The basic pattern is:

1
2
3
watchpoint_disable(0);
my_clobbered_variable = something * 5; //legal operation
watchpoint_enable(0, &my_clobbered_variable);

Simple enough - allow write access to the variable in the intended place(s). Now whenever the variable is accessed outside this section the DebugMon interrupt will be triggered. The section that allows modification of the variable should be as short as possible to eliminate the opportunity window when the variable can be written. If a section is too long an interrupt or another RTOS task can clobber the variable without triggering the handler.

There can be multiple such sections for a single variable but there are only 3 hardware watchpoints so you have to use different watchpoint numbers for different variables and of course only 3 variables can be protected this way.

Example

 1
 2
 3
 4
 5
 6
 7
 8
 9
10
11
12
13
14
15
16
17
typedef struct {
    char string[16];
    uint32_t my_variable; //this sometimes has an invalid value
} my_struct_t;

my_struct_t m;

void some_legal_operation(uint32_t x){
    watchpoint_disable(0);
    m.my_variable = x;
    watchpoint_enable(0, &m.my_variable);
}

void evil_copy(const char *s){
    //if a string is too long it will hit my_variable
    strcpy(m.string, s);
}

I used a struct to ensure the order of variables in memory. The legal operation unlocks the variable, does it job and locks it again. Another function copies a string but does not check the length. If a string is too long it will try to overrun the protected variable leading to triggering of the fault handler.

That was the easy part...

How to analyze the breadcrumbs?

The relevant variables in the fault handler are:

  • program counter (stacked_pc)
  • link register (stacked_lr)
  • watchpoint number

The watchpoint number is of course needed to know which variable is affected. The program counter tells which instruction tried to access the protected variable. What if it points to functions like memcpy, memset, strcpy, strncpy that are used all over the place? The link register tells where that function was called from.

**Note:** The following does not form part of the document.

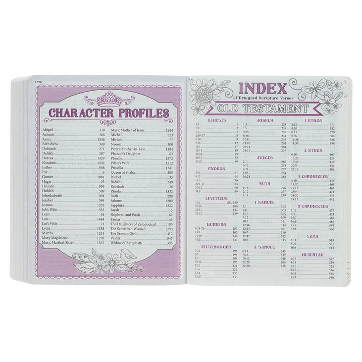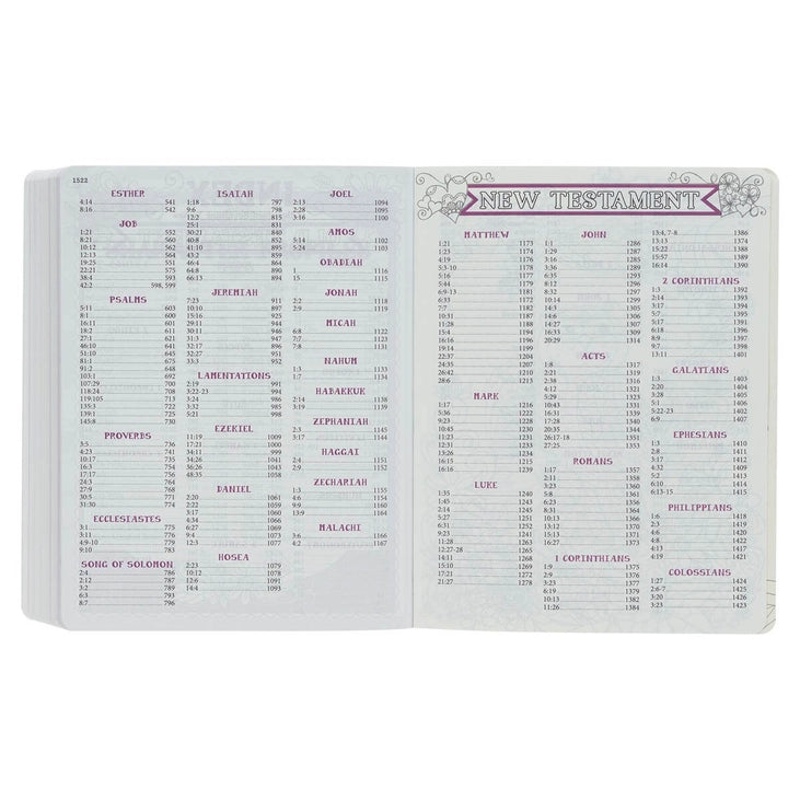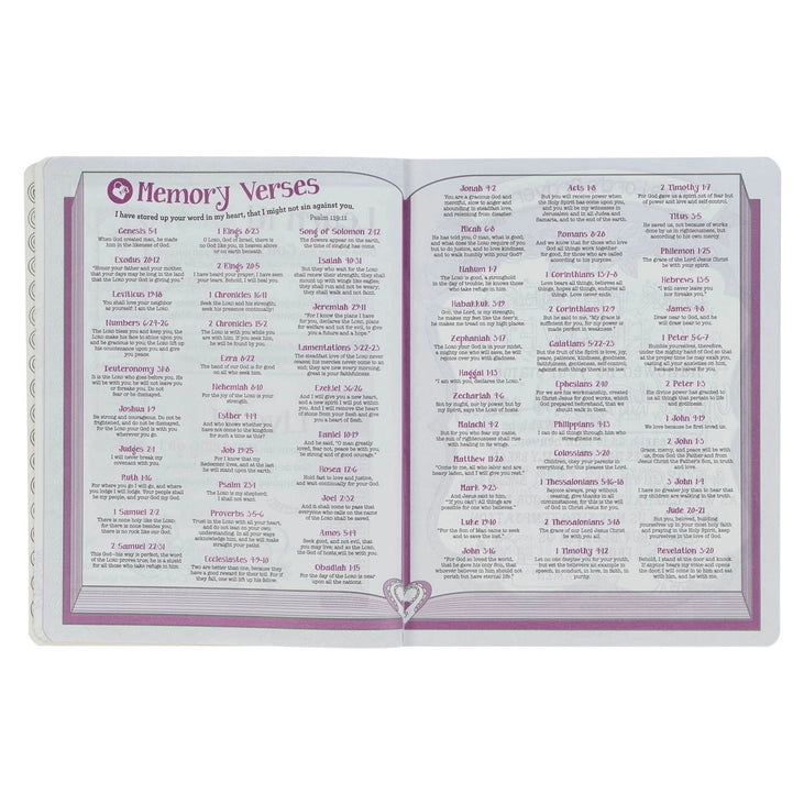 The Bile features two content lists: one lists the books of the Bible in chronological order, and the second lists the books alphabetically. A Bible Memory section includes 66 well-loved Bible verses that every Believer should know and 12 line drawing prayers that will help young girls learn to pray about everything, are ready to be colored and memorized. A line drawing illustration introduces each book of the Bible, and the content that follows is accented with pink banners and highlighted text. 366 devotions ,written by Amanda Cowles, are set in the margins and offer inspiring messages to help girls apply biblical truth to their lives. Inspirational stories of 50 memorable women characters in the Bible will motivate girls to pursue a life of faithfully following God.
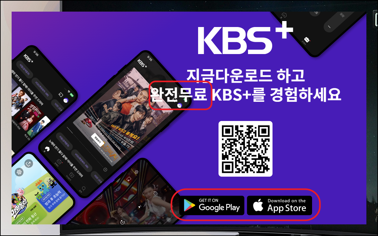참고로 KBS에서는 스마트폰 앱을 제공하고 있는데요. 완전 무료 OTT 서비스라고 합니다. 안드로이드폰, 아이폰 모두 설치 가능해요. 컴퓨터로 TV 프로그램을 무료로 다시보기 하고 싶을 때 이용하면 좋겠네요. 스마트폰 특성상 사이트에 접속하는 것보다 앱이 편할 수 있죠.

The program counter (and link register) can be mapped back to source code via a disassembly file. Most debuggers (for example Ozone) can also show the disassembly view.

A more realistic example

Let's assume a simple data acquisition application that has the following features:

  1. ADC task that samples data
  2. Processing task that does some calculations on the ADC data
  3. UART task that allows to read the calculated values
  4. User interface task controlling a display and a keypad

The user reports that sometimes the displayed data is wrong and does not make a physical sense (like 500% humidity or temperature below absolute zero). You make a firmware release that has the particular variable protected with watchpoints. After 2 weeks of uptime it turns out that one of the variables in the processing code gets clobbered by UART code. For example: the UART stores received bytes not in its buffer but somewhere in the processing task's data.

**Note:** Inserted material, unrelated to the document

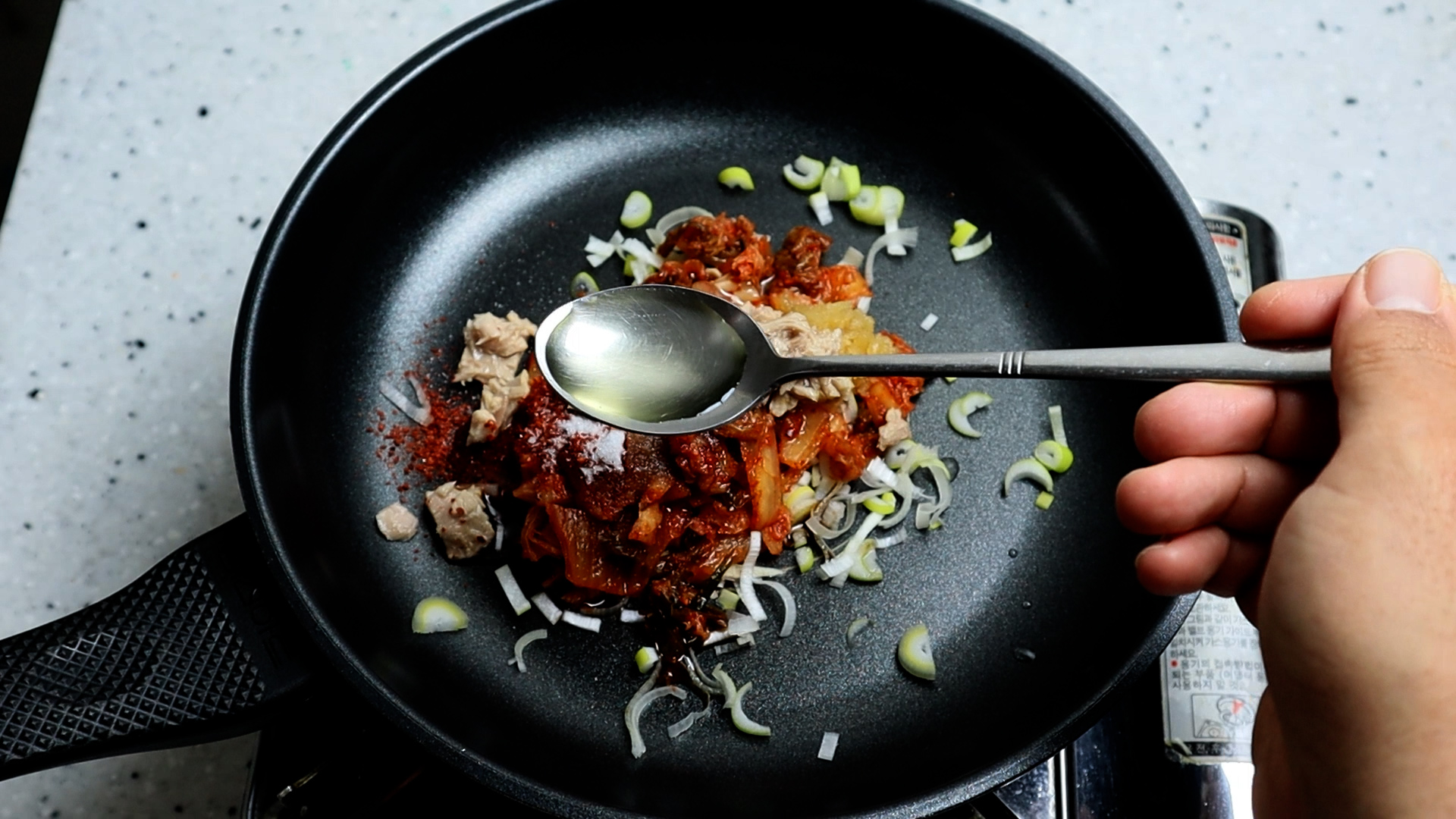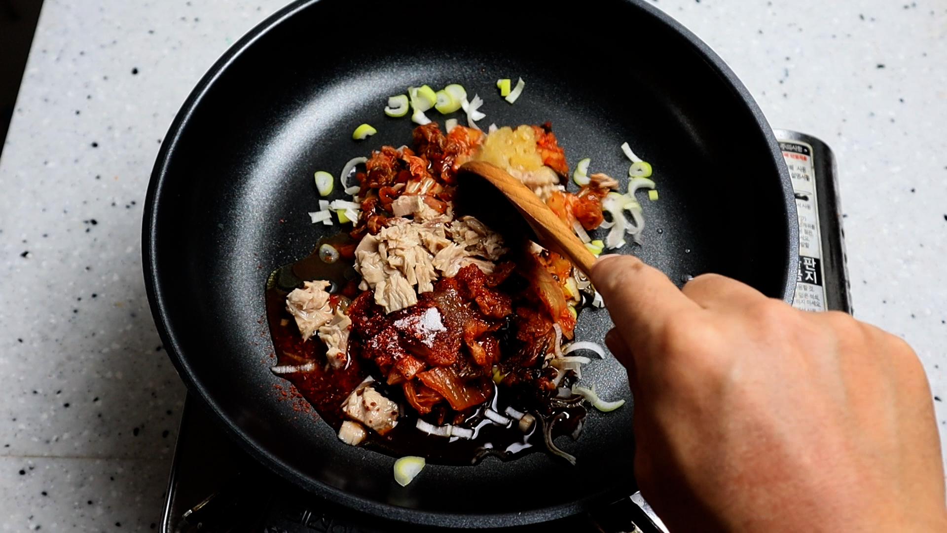 17. 불을 중약불로 올리고 팬이 열받아 재료가 자글거리기 전까지 참치를 으깨 가면서 재료를 골고루 섞어주세요.

If the UART code is obviously bad, then the fix is easy and you are "lucky". But what if the UART code is correct? For example if it stores received bytes via a pointer, this can only mean that UART variables are clobbered by something else. So you have to release yet another firmware that has UART variables protected this time.

In the end it may turn out that, for example, the UI code was bad - it clobbered UART driver variables when a particular sequence of menus was entered too fast, which in turn lead to good UART code destroying the measurements (and at the same time the UART was running correctly but with its buffers located in the wrong place).

In large and complex firmware projects such chain of events can have several links so the best approach is to move the watchpoint instrumentation from the obvious symptoms up to the root cause.